Her hair is up.
It's after seven. Her shoes are tucked in neat against the wall, under her hanging coat. The coat is still a little dark across the shoulders from the afternoon's rain but mostly dry; she's been home a while. She's changed the rest of her clothes.
But Alma's hair is still up.
And now that Dylan's looking there are other signs. Like the warped black dish of a microwave meal keeping the trash can from quite closing, and a smell that tells me most of it went uneaten. There are little damp flecks all around the sink where something was scrubbed with a rough brush and no mercy. The note he left when he went out, that he didn't know when he'd be back, is still on the side table where he left it. When he glances at that he catches his reflection in the mirror fixed above it. Could be better. It's been worse, but it's been better. It would be important except that, as has been pointed out, as he can't get out of his head, Alma's hair is still up.
Thank God his own day went smoothly. Thank God he shaved this morning. Thank God it's no longer raining and he hasn't left drips and shoeprints in the doorway.

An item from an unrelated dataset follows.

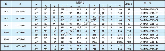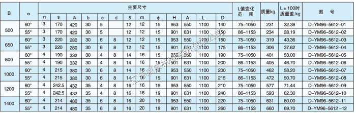 說明:1、表中尺寸和質(zhì)量系按L=1100毫米、β=18°編制;2、圖中已包括上部聯(lián)接用緊固件;3、管體采用耐磨材料整體鑄造。
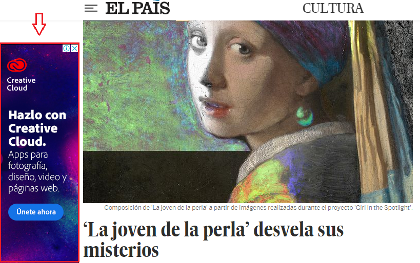 Publicidad en sitios web: Creative Cloud y su anuncio en la web del diario El País.

Before you accuse him of overreacting – or worse, before you have to ask what he's thinking at all – let's just be absolutely clear, it is all the way up. Not tied back, not pushed away from her face, up. Twisted and pinned and neatly up against the back of her head.
Alma's hair doesn't go up until she reaches her desk in the morning. Alma can wind in the familiar knot, knock back a four-shot coffee and give a task force briefing all at the same time. It is the very last thing she does to make herself ready, to become the consummate professional she has to be. And she hates it. She pushes and pulls at it every second her hands are idle. By lunch she usually has to take it down and redo it, she's loosened so much of it. Most nights she doesn't make it so far as the train before she lets it go. He's met her once or twice, dashing into the station with a mouthful of pins, hands behind her head looking for the last of them.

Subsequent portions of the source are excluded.